The substantial impact of hearing loss on communication, speech and language development has been well-described [11]. Hearing loss is associated with poor educational attainment, reduced employment opportunities and poverty [12,13,14]. There is also a growing body of evidence linking hearing loss to the development of depression, dementia and other mental health conditions among adults [15,16,17]. Hearing loss is also linked with poor quality of life [18]. This evidence provides an important rationale for efforts to ensure timely access to affordable services of high quality. The Sustainable Development Goals (SDGs) are a set of goals and targets developed and agreed upon by the United Nations in 2015. A central component of the health-specific goal is Universal Health Coverage (UHC), which aims to “ensure all people have access to needed health services including prevention, promotion, treatment, rehabilitation, and palliation, of sufficient quality to be effective whilst also ensuring that those who use the services are not exposed to financial hardship”. Thus, given the substantial number of people with hearing loss, without good access to ear and hearing services, UHC will not be achieved.

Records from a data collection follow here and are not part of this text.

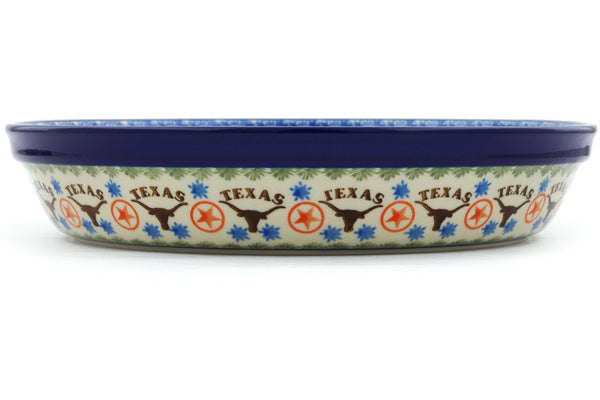 This State Of Texas 10" Pie Dish was handmade and hand decorated in Boleslawiec, Poland by skilled artisans according to old traditional methods. This Polish stoneware is microwave, dishwasher, freezer, and oven safe up to 480°F. It does not contain lead or cadmium. It is part of the State Of Texas Collection.
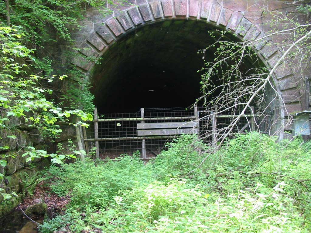 Hier gibt es eine vermutlich weltweit einmalige Tunneltrennwand aus Betonfertigteilen. Der Tunnel war um 1870 zweigleisig gebaut, das zweite Gleis aber nie verlegt worden.
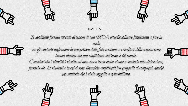 Il candidato formuli un ciclo di lezioni di una UDA interdisciplinare finalizzata a fare in modo che gli studenti confrontino la prospettiva della fede cristiana e i risultati della scienza come letture distinte ma non conflittuali dell’uomo e del mondo. Consideri che l’attività è rivolta ad una classe terza molto vivace e tendente alla distrazione, formata da 21 studenti e in cui ci sono dinamiche conflittuali fra gruppetti di compagni, nonché uno studente che è stato soggetto a cyberbullismo.
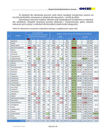 Okręgowa Komisja Egzaminacyjna w Jaworznie W szkołach dla młodzieży procent osób, które uzyskały świadectwo wynosi od 61,31% do 86,09%, natomiast w szkołach dla dorosłych – od 0% do 80%. Zauważamy znacznie większy odsetek osób uzyskujących świadectwo w szkołach dla młodzieży. Wyjątek stanowią powiaty kłobucki i częstochowski, gdzie odsetek sukcesów jest wyższy w szkołach dla dorosłych (mała liczba zdających). Tabela 26. Zdawalnośd w powiatach województw śląskiego z uwzględnieniem typów szkół Lp. Liczba zdających, którzy przystąpili do wszystkich egzaminów obowiązkowych Powiat 1. będzioski 2. 3. bielski Bielsko-Biała 4. 5. bieruosko-lędzioski Bytom 6. 7. Chorzów cieszyoski 8. 9. Częstochowa częstochowski 10. Dąbrowa Górnicza 11. Gliwice 12. gliwicki 13. Jastrzębie-Zdrój 14. Jaworzno 15. Katowice 16. kłobucki 17. lubliniecki 18. mikołowski 19. Mysłowice 20. myszkowski 21. Piekary Śląskie 22. pszczyoski 23. raciborski 24. Ruda Śląska 25. rybnicki 26. Rybnik 27. Siemianowice Śląskie 28. Sosnowiec 29. Świętochłowice 30. tarnogórski 31. Tychy 32. wodzisławski 33. Zabrze 34. zawierciaoski 35. Żory 36. żywiecki Zdający, którzy otrzymali świadectwo dojrzałości liczba LU LO LP LU T TU LO LP 505 410 1530 195 737 848 728 2816 94 751 1228 177 492 481 1968 206 323 370 310 284 170 497 512 361 75 909 239 984 155 761 760 676 915 623 323 662 108 1 29 27 30 96 62 90 2 23 48 39 39 32 20 0 0 27 65 71 1 58 54 15 42 18 73 87 - 62 36 20 41 59 9 38 62 37 34 38 5 8 11 13 11 16 8 34 30 5 43 5 26 4 10 44 39 48 18 27 30 173 162 972 154 473 332 593 1140 77 282 653 155 398 403 988 165 174 199 105 187 95 257 391 376 65 532 125 569 27 685 532 473 397 351 325 730 38 3 30 4 11 17 6 32 14 27 8 3 3 2 31 6 58 44 2 1 13 9 435 338 1398 188 622 723 685 2366 71 662 1101 153 383 417 1674 172 298 318 294 256 155 443 432 308 64 802 174 776 133 653 665 622 756 541 286 536 66 0 15 9 18 57 32 41 0 8 15 22 19 19 9 0 0 24 28 27 0 28 31 5 19 12 37 59 - 20 10 3 12 6 8 13 15 13 2 7 4 5 1 2 9 1 5 1 2 1 7 0 3 0 4 9 9 1 1 4 5 T TU LO 96 - 86,14 110 - 82,44 708 5 91,37 88 2 96,41 275 4 84,40 207 1 85,26 452 2 94,09 700 1 84,02 32 - 75,53 171 1 88,15 421 4 89,66 80 - 86,44 277 4 77,85 273 - 86,69 610 5 85,06 113 - 83,50 135 - 92,26 135 0 85,95 65 - 94,84 105 - 90,14 61 - 91,18 164 1 89,13 267 1 84,38 207 0 85,32 45 - 85,33 368 5 88,23 83 - 72,80 347 1 78,86 11 - 85,81 442 3 85,81 378 - 87,50 364 10 92,01 248 1 82,62 189 1 86,84 203 2 88,54 508 0 80,97 LP procent LU 61,11 0,00 51,72 33,33 60,00 59,38 51,61 45,56 0,00 34,78 31,25 56,41 48,72 59,38 45,00 88,89 43,08 38,03 0,00 48,28 57,41 33,33 45,24 66,67 50,68 67,82 - 32,26 27,78 15,00 29,27 10,17 88,89 34,21 24,19 35,14 5,88 18,42 80,00 62,50 9,09 15,38 81,82 6,25 62,50 2,94 6,67 20,00 16,28 0,00 11,54 0,00 40,00 20,45 23,08 2,08 5,56 14,81 16,67 T Razem 23075 1157 871 13715 362 19900 600 183 8938 54 86,24 51,86 21,01 65,17 Wydział Badań i Analiz Strona 32 z 49 TU 55,49 67,90 72,84 13,16 57,14 66,67 58,14 13,33 62,35 25,00 76,22 18,18 61,40 5,88 41,56 60,64 16,67 64,47 12,50 51,61 69,60 28,57 67,74 61,74 18,52 68,48 77,59 67,84 0,00 61,90 56,15 64,21 63,81 33,33 68,29 33,33 55,05 0,00 69,23 69,17 16,13 66,40 60,98 16,67 40,74 64,53 5,17 71,05 76,96 22,73 62,47 50,00 53,85 100,00 62,46 15,38 69,59 0,00 14,92

Evidence suggests that the current level of access to hearing specific services is inadequate in LMICs [19, 20]. A recent systematic review of access to rehabilitation for people with disabilities found that coverage of assistive devices for people with hearing loss was unacceptably low across LMICs where data existed, ranging from 0 to 24% at the population-level [21].

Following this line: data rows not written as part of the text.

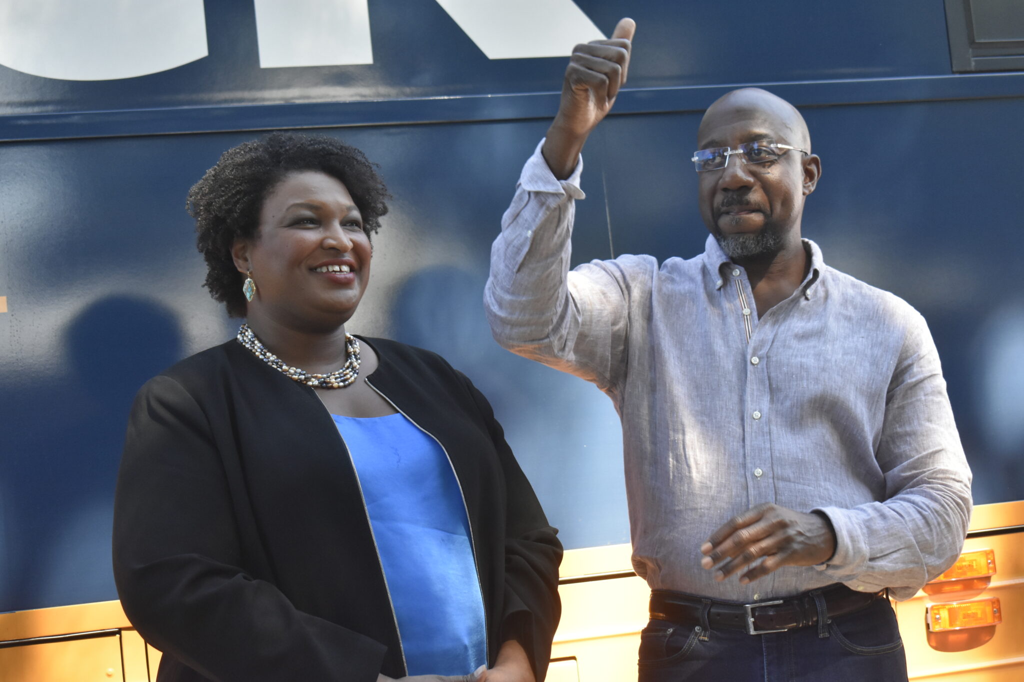 (GA Recorder) — A bus bearing the face of U.S. Sen. Raphael Warnock pulled in to the Cobb County Civic Center parking lot Wednesday, but the freshman senator was not the only Democratic leader to deliver a speech in Marietta.
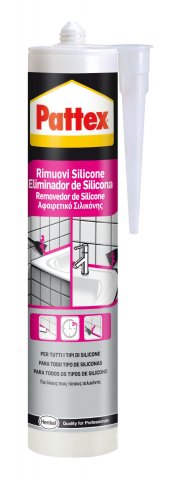 La rimozione del silicone è un’operazione che si verifica di frequente nei lavori domestici o professionali. Per risolvere il problema con la massima efficacia, Pattex propone una nuova soluzione in gel pronta all'uso. Rimuovi Silicone, infatti, elimina in modo semplice e veloce i residui di silicone rimasti sulle superfici incollate e sigillate di vetro, ceramica, metallo (eccetto alluminio anodizzato) ed, essendo in gel, è ideale anche per applicazioni su superfici verticali. Prima dell'uso, l'area in cui vi sono residui di silicone deve essere completamente pulita e asciugata. Il prodotto va distribuito in modo da coprire totalmente la superficie di silicone da eliminare e deve agire per almeno 3 ore, per poi essere rimosso con una spatola.
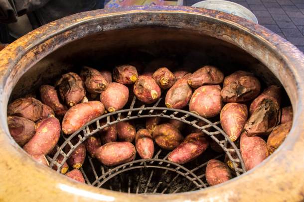 Roasted sweet potatoes are my all time favorite winter snack. They are available all over Korea. Even convenience stores sell them. Different street vendors prepare them in different ways, but the best way (impo) is to roast them inside a giant ceramic jar or hangari (항아리) filled with hot coal. It cooks the them nice and evenly so you get a soft, sweet and very light smokey tasting sweet potato. This particular type of vendor is a bit trickier to find, so if you do… go for it! It’s the best and definitely worth trying if you happen to be in Korea during the winter. At only ₩3,000 a potato, it’s a cheap and delicious way to get warm and satisfy your food baby.
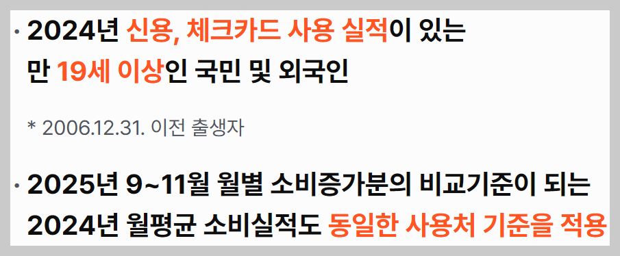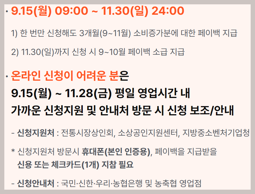 신청 대상은 2024년 신용 또는 체크카드 사용 실적이 있는 만 19세 이상 (2006년 12월 31일 이전 출생자) 대한민국 국민 및 외국인입니다. 상생페이백 신청은 2025년 9월 15일(월) 09:00부터 2025년 11월 30일(일) 24:00까지 상생페이백 누리집에서 온라인으로 할 수 있습니다. 신청 첫 주에는 원활한 신청을 위해 출생연도 끝자리에 따른 5부제가 시행되었습니다.

Previous research has described the difficulties with conducting all-age population-based surveys of hearing loss, which includes high cost equipment, lack of human resources, large sample sizes required and lack of global attention [3, 22, 23]. The field of visual impairment and blindness has substantially more prevalence data (> 300 surveys) which has been made possible through rapid assessment protocols such as the Rapid Assessment of Avoidable Blindness (RAAB). In order to facilitate increased data collection on hearing loss, an equivalent protocol – the Rapid Assessment of Hearing Loss (RAHL) has been developed. This survey methodology uses a standardised sampling procedure, simplified examination protocol, and focusses on people aged 50 + [23]. This methodology is lower cost than a full all-age epidemiological survey, through the smaller required sample size (prevalence in those aged 50+ is higher), and lower cost equipment. The aim of the RAHL surveys are to estimate the prevalence of hearing loss, probable causes, and current level of service coverage in order to inform locally-appropriate service planning. The RAHL methodology has been piloted in Malawi to refine elements of the protocol including the cluster size, and the questionnaires. This paper reports the first field-test of the RAHL methodology among adults age 50+ in Gao’an district, China.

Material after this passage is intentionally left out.